Report how many lines in the entries below have the word "from" in them, and give no other words.

**Dataset excerpts:**
►
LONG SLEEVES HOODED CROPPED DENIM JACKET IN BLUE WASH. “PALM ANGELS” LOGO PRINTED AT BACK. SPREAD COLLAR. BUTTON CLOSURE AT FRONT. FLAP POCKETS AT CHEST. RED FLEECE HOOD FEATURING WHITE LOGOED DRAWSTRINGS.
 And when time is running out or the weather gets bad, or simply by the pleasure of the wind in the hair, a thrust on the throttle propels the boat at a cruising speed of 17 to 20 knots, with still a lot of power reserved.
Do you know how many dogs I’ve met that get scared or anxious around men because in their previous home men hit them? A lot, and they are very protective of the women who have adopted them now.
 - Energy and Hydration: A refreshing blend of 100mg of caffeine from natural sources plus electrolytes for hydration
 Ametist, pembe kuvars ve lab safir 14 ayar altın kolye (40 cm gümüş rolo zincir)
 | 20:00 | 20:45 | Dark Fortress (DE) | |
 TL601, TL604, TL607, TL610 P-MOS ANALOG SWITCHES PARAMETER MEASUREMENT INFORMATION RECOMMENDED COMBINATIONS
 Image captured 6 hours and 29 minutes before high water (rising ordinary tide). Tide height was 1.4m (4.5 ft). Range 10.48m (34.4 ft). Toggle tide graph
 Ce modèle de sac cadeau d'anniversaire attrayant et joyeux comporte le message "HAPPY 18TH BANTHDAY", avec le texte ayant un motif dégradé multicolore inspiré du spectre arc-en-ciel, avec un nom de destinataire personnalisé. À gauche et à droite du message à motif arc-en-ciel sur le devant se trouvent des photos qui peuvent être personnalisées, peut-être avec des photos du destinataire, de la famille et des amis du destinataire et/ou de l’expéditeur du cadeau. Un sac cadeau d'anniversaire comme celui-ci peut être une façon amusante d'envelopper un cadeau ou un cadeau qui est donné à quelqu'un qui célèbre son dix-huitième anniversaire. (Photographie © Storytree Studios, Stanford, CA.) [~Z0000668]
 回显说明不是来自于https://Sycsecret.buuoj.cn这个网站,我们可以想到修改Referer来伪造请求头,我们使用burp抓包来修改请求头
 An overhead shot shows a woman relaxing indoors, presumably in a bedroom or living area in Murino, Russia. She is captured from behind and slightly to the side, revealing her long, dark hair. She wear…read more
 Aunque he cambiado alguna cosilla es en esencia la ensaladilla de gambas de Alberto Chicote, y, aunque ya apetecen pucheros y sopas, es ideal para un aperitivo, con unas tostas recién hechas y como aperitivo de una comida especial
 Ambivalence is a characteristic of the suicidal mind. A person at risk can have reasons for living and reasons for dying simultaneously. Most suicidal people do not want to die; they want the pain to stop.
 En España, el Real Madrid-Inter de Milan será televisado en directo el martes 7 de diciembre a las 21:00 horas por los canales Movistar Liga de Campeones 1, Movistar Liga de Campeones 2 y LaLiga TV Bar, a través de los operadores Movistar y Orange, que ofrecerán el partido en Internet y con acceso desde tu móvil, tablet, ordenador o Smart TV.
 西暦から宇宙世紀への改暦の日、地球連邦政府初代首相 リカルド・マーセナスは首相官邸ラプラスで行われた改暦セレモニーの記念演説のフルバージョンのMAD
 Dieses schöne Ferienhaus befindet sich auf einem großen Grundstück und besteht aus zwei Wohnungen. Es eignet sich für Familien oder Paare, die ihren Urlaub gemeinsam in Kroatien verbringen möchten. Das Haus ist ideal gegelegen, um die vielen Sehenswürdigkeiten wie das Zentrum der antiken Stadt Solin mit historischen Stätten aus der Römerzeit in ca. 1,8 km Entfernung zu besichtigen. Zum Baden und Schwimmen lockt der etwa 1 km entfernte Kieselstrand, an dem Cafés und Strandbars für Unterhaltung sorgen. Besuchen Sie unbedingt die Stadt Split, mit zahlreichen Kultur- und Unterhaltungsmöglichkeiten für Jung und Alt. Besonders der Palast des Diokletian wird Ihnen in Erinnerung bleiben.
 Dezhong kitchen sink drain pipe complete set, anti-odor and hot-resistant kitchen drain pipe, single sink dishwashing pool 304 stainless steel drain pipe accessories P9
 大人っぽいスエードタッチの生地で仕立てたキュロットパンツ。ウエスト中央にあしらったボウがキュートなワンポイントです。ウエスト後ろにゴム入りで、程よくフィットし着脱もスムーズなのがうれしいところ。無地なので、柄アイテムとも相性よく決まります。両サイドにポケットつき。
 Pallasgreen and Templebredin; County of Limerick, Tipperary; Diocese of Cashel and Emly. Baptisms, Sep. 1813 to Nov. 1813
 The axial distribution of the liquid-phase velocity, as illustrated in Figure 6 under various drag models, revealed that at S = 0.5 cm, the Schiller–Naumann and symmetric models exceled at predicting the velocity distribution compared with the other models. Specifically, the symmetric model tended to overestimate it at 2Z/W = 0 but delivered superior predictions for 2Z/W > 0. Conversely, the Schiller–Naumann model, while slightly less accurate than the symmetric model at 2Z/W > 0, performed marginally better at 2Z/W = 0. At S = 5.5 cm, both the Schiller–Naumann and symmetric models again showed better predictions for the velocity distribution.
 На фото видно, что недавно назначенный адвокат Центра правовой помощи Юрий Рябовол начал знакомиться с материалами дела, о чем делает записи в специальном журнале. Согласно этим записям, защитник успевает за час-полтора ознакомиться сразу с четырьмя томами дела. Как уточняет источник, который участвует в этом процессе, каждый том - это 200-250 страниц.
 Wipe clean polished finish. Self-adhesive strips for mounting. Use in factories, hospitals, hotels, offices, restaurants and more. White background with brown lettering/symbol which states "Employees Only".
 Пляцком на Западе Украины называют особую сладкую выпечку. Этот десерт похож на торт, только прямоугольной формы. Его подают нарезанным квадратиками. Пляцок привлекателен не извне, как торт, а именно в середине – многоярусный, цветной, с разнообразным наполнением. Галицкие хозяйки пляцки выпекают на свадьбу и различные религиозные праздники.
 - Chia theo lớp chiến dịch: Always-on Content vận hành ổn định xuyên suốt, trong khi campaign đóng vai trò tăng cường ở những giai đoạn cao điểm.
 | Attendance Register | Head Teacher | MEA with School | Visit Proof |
◄
**Task output:** 2